───── Data section

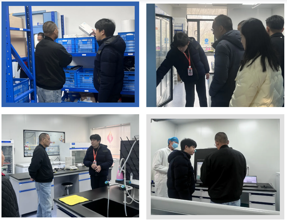 专家团队沿 “仓库→发货间→实验室→生产间” 核心动线实地考察,全面了解我司全流程运营管理体系。仓库的分类精准化管理、发货间的环保化包装与品质化保障、实验室严格落地的 7S 管理标准,以及生产间全自动化 ELISA 工作站的高效运行,均给专家们留下深刻印象。
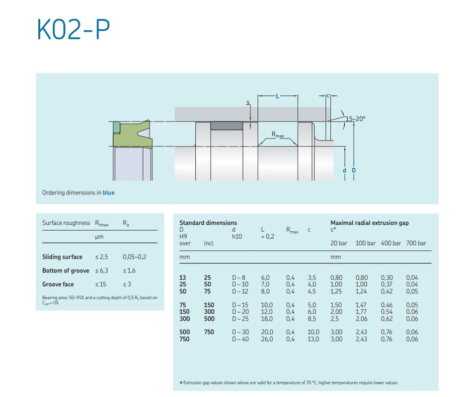 Selo de pistão assimétrico para aplicações padrão, baseado no projeto K01-P.
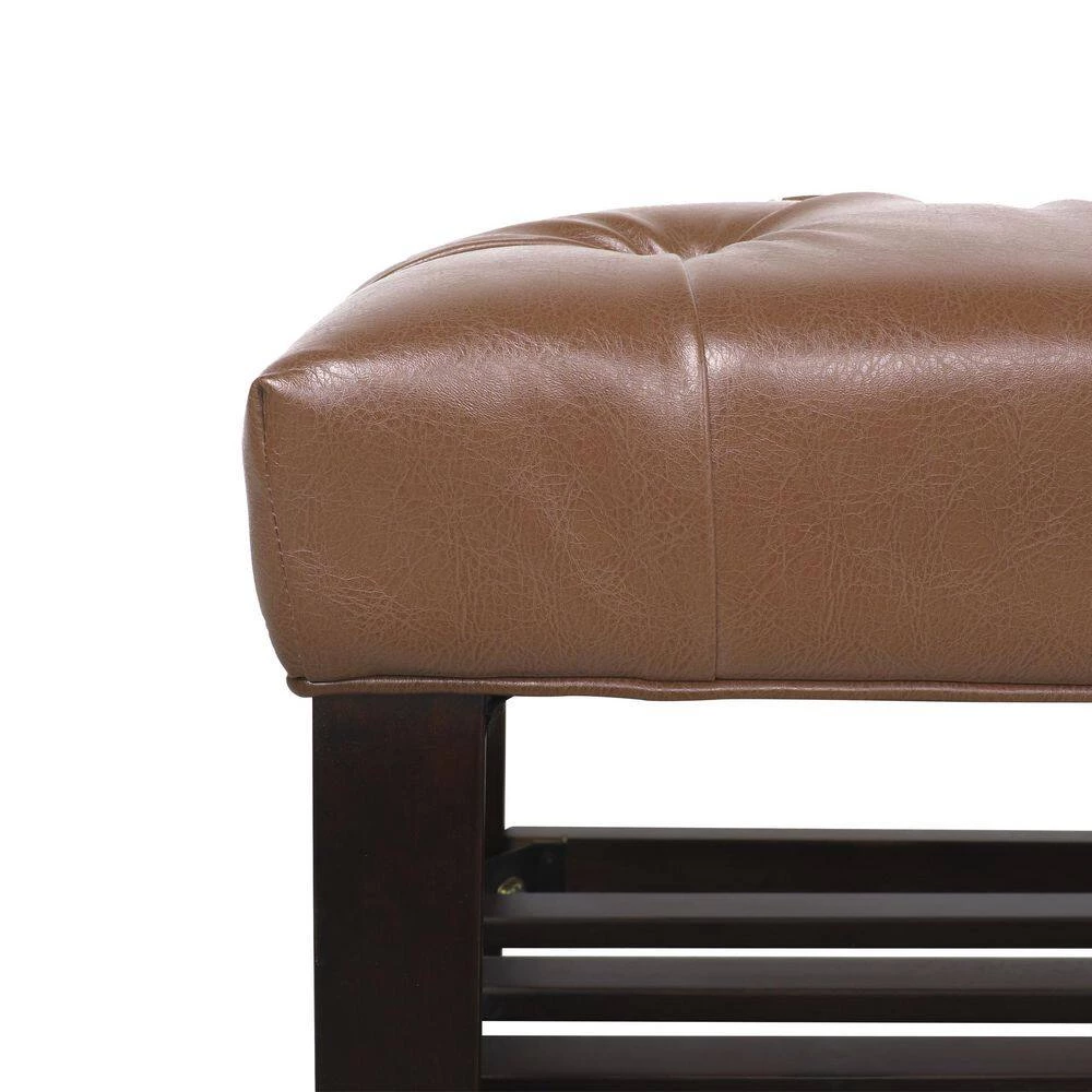 Turn your entryway into a trendy space or upgrade the end of your bed with some extra seating. Our delightful bench brings a sophisticated contemporary aesthetic to any space with its plush, button-tufted, diamond stitched top and rich birch wood frame. Featuring an open bottom shelf with a beautiful slat panel design, this ottoman bench is ideal for adding extra seating to any room. This refined statement piece not only offers excellent style but also provides outstanding comfort for you and your guests to admire.

──────────

▶ [What needs to be done]
Leaving the pictures out, output the material exactly as it appears.

▶ [Written response]
 专家团队沿 “仓库→发货间→实验室→生产间” 核心动线实地考察,全面了解我司全流程运营管理体系。仓库的分类精准化管理、发货间的环保化包装与品质化保障、实验室严格落地的 7S 管理标准,以及生产间全自动化 ELISA 工作站的高效运行,均给专家们留下深刻印象。
 Selo de pistão assimétrico para aplicações padrão, baseado no projeto K01-P.
 Turn your entryway into a trendy space or upgrade the end of your bed with some extra seating. Our delightful bench brings a sophisticated contemporary aesthetic to any space with its plush, button-tufted, diamond stitched top and rich birch wood frame. Featuring an open bottom shelf with a beautiful slat panel design, this ottoman bench is ideal for adding extra seating to any room. This refined statement piece not only offers excellent style but also provides outstanding comfort for you and your guests to admire.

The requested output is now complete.